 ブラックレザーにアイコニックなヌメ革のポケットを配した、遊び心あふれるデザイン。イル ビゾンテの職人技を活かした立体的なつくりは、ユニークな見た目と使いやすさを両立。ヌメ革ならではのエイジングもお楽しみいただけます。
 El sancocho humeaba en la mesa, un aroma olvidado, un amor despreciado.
...
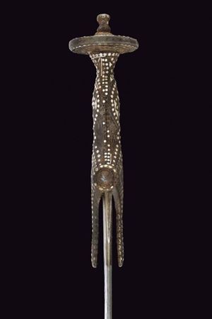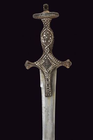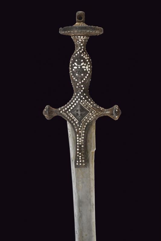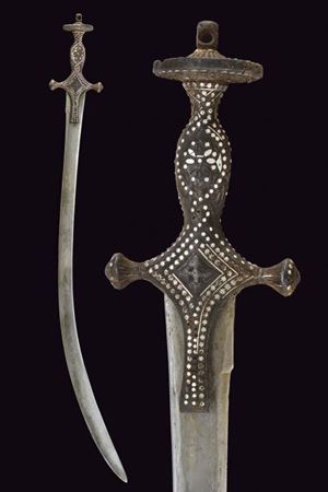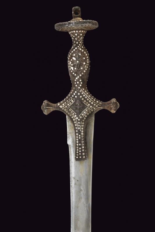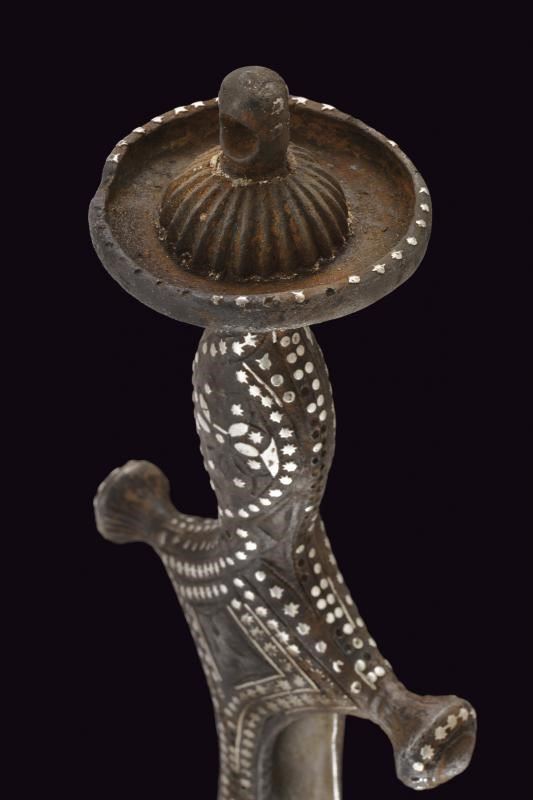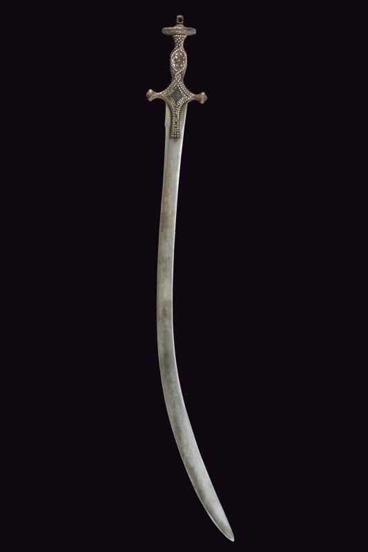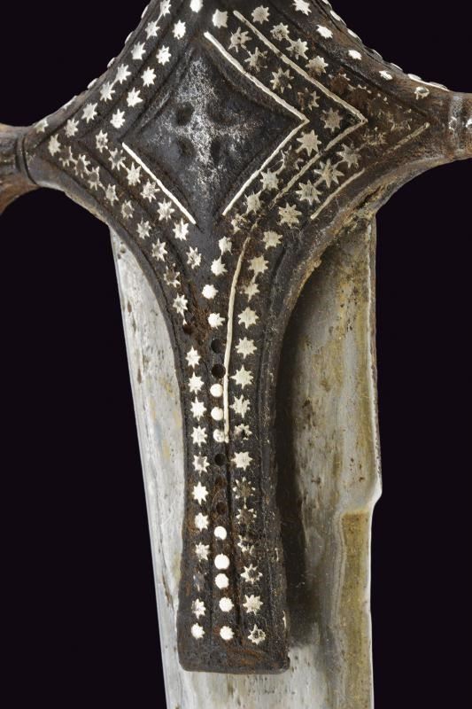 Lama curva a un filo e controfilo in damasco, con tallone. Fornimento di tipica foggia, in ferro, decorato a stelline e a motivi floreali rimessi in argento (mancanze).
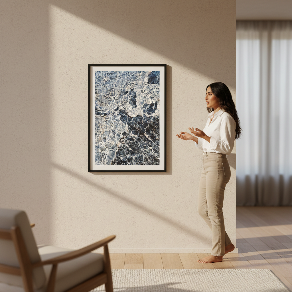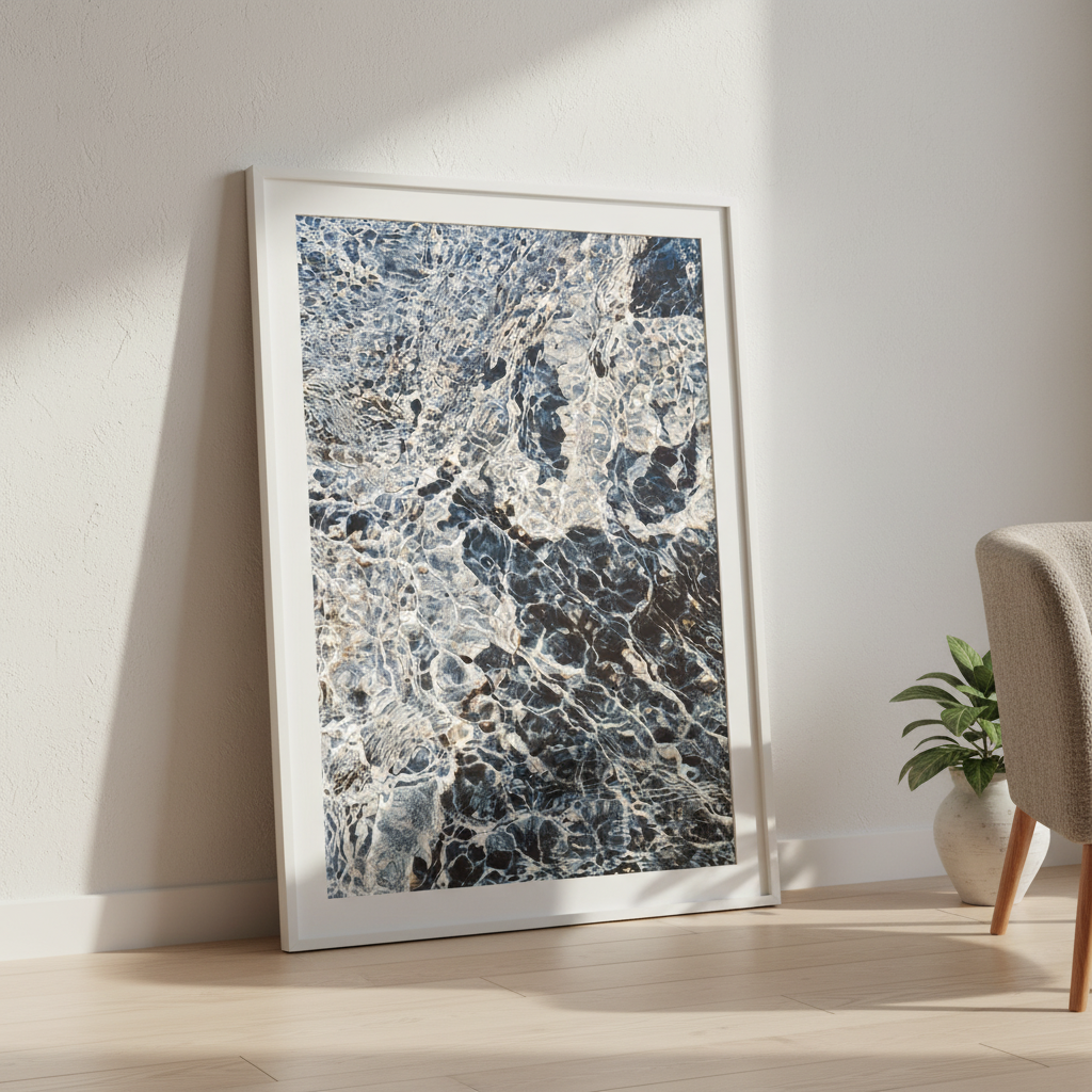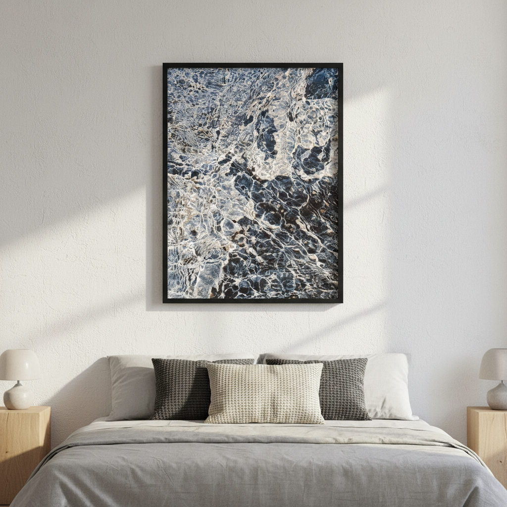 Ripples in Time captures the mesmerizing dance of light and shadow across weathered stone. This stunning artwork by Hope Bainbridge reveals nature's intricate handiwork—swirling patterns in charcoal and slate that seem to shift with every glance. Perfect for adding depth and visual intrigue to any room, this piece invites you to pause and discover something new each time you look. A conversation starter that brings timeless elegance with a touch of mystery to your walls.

• **PROBLEM**
Would you please reproduce the entries above, starting at the line with "Lama curva a" and stopping after the line with "Ripples in Time"? Omit any pictures.

• **EXERCISE OUTPUT**
 Lama curva a un filo e controfilo in damasco, con tallone. Fornimento di tipica foggia, in ferro, decorato a stelline e a motivi floreali rimessi in argento (mancanze).
 Ripples in Time captures the mesmerizing dance of light and shadow across weathered stone. This stunning artwork by Hope Bainbridge reveals nature's intricate handiwork—swirling patterns in charcoal and slate that seem to shift with every glance. Perfect for adding depth and visual intrigue to any room, this piece invites you to pause and discover something new each time you look. A conversation starter that brings timeless elegance with a touch of mystery to your walls.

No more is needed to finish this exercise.